Given material:
▼▼▼

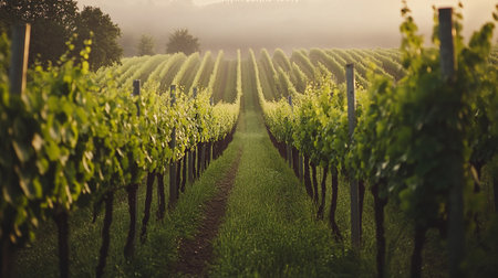A stunning sunrise illuminates a lush vineyard, casting golden light over the green rows of grapevines. Mist rises gently, enhancing the serene landscape.
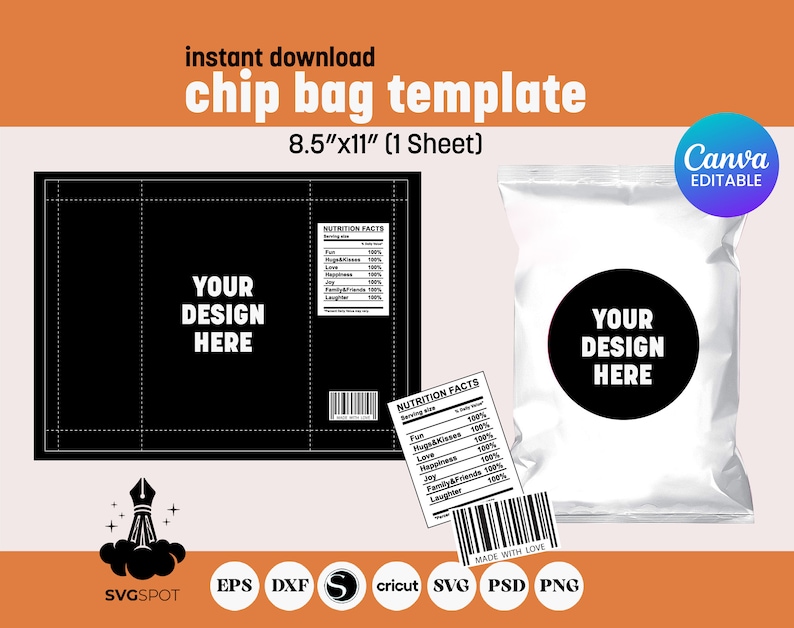 CANVA Chip Bag Template Chip Bag Template Editable Chip Bag Template
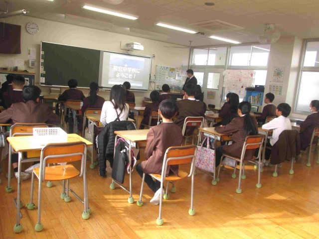 もう一つの入学に向けた学習も行われました。6年生教室では、勝北中の3人の先生方をお迎えし、中学校生活に向けてのお話を聞きました。背筋をピンと伸ばして聞く姿勢からやる気が伝わってきました。中学校で大切なこととして、あいさつや提出物、よりよい自分になろうとする姿勢や人とのかかわり方などについて教えていただきました。今取り組んでいることとつながっていることが多く、小学校でつけた力をさらに伸ばしてほしいなあと思いました。卒業まであと35日!

▲▲▲

Try it:
Write down the full listing above exactly as it is, except for any images.

Answer:
A stunning sunrise illuminates a lush vineyard, casting golden light over the green rows of grapevines. Mist rises gently, enhancing the serene landscape.
 CANVA Chip Bag Template Chip Bag Template Editable Chip Bag Template
 もう一つの入学に向けた学習も行われました。6年生教室では、勝北中の3人の先生方をお迎えし、中学校生活に向けてのお話を聞きました。背筋をピンと伸ばして聞く姿勢からやる気が伝わってきました。中学校で大切なこととして、あいさつや提出物、よりよい自分になろうとする姿勢や人とのかかわり方などについて教えていただきました。今取り組んでいることとつながっていることが多く、小学校でつけた力をさらに伸ばしてほしいなあと思いました。卒業まであと35日!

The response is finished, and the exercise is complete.